Print the data below verbatim, minus images.

Available data:
━━━━

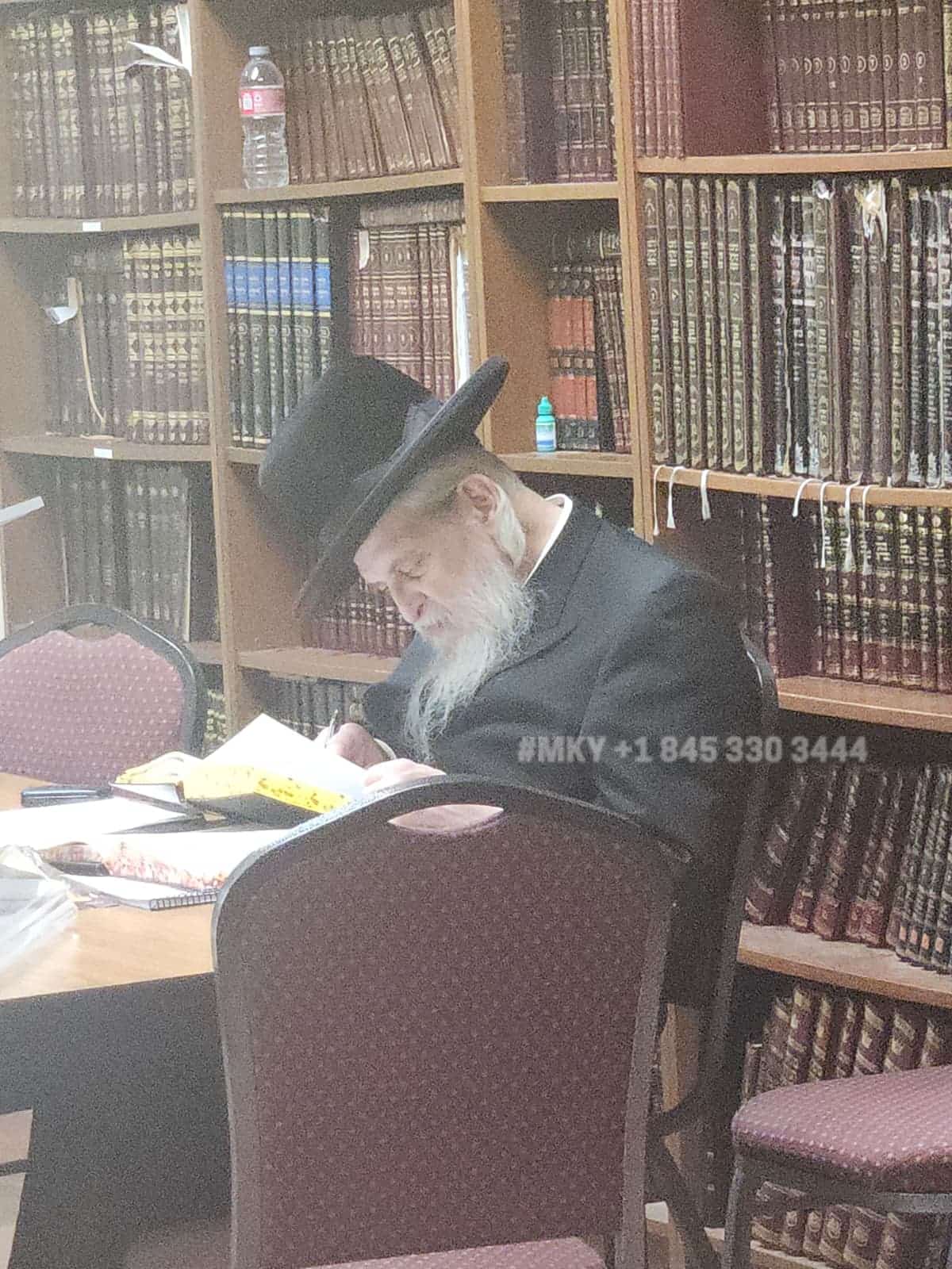 In the quiet Otzar Hasefarim at Ahavas Torah in Scottsdale, the picture of ‘vacation’: Rav Menachem Fisher, the Vienner dayan of Monsey feels at home
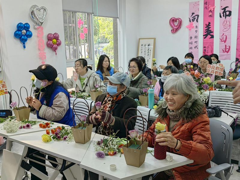 莫愁湖社区手工花制作课程现场
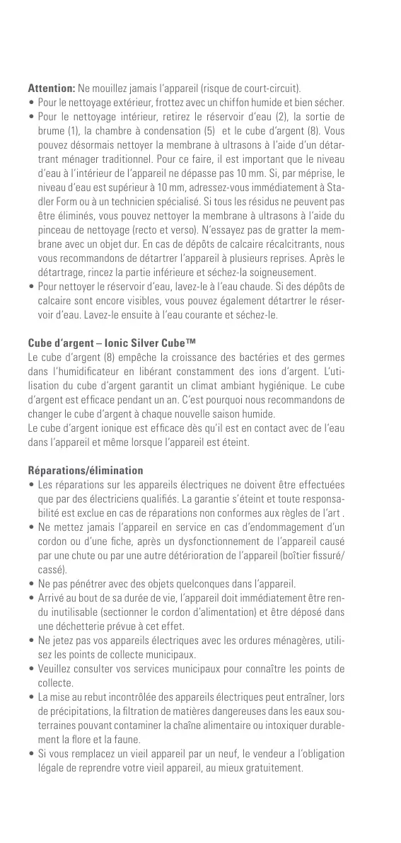 dans l‘humidicateur en libérant constamment des ions d‘argent. L‘uti-
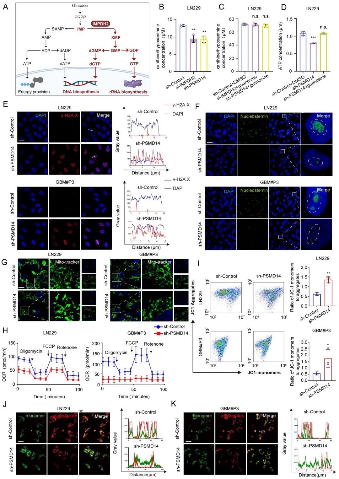 研究发现,PSMD14在GBM组织中表达显著升高,且与患者不良预后相关。机制上,PSMD14通过特异性去除嘌呤合成限速酶IMPDH2的K48链接泛素化修饰,维持其蛋白稳定性,保障细胞内GTP的持续供应,进而促进核苷酸从头合成与线粒体能量代谢,最终驱动肿瘤进展并诱导化疗耐药。PSMD14介导的这一调控轴在功能上实现了蛋白稳态与核苷酸代谢的耦联,靶向PSMD14有望实现对GBM生存依赖的双重打击。进一步,PSMD14抑制剂硫藤黄素能够干扰上述代谢通路,抑制肿瘤生长并延长生存期,与替莫唑胺TMZ协同发挥抗肿瘤效应,为同时靶向肿瘤的蛋白质稳态与核苷酸代谢提供了新策略。

━━━━

Response area:
 In the quiet Otzar Hasefarim at Ahavas Torah in Scottsdale, the picture of ‘vacation’: Rav Menachem Fisher, the Vienner dayan of Monsey feels at home
 莫愁湖社区手工花制作课程现场
 dans l‘humidicateur en libérant constamment des ions d‘argent. L‘uti-
 研究发现,PSMD14在GBM组织中表达显著升高,且与患者不良预后相关。机制上,PSMD14通过特异性去除嘌呤合成限速酶IMPDH2的K48链接泛素化修饰,维持其蛋白稳定性,保障细胞内GTP的持续供应,进而促进核苷酸从头合成与线粒体能量代谢,最终驱动肿瘤进展并诱导化疗耐药。PSMD14介导的这一调控轴在功能上实现了蛋白稳态与核苷酸代谢的耦联,靶向PSMD14有望实现对GBM生存依赖的双重打击。进一步,PSMD14抑制剂硫藤黄素能够干扰上述代谢通路,抑制肿瘤生长并延长生存期,与替莫唑胺TMZ协同发挥抗肿瘤效应,为同时靶向肿瘤的蛋白质稳态与核苷酸代谢提供了新策略。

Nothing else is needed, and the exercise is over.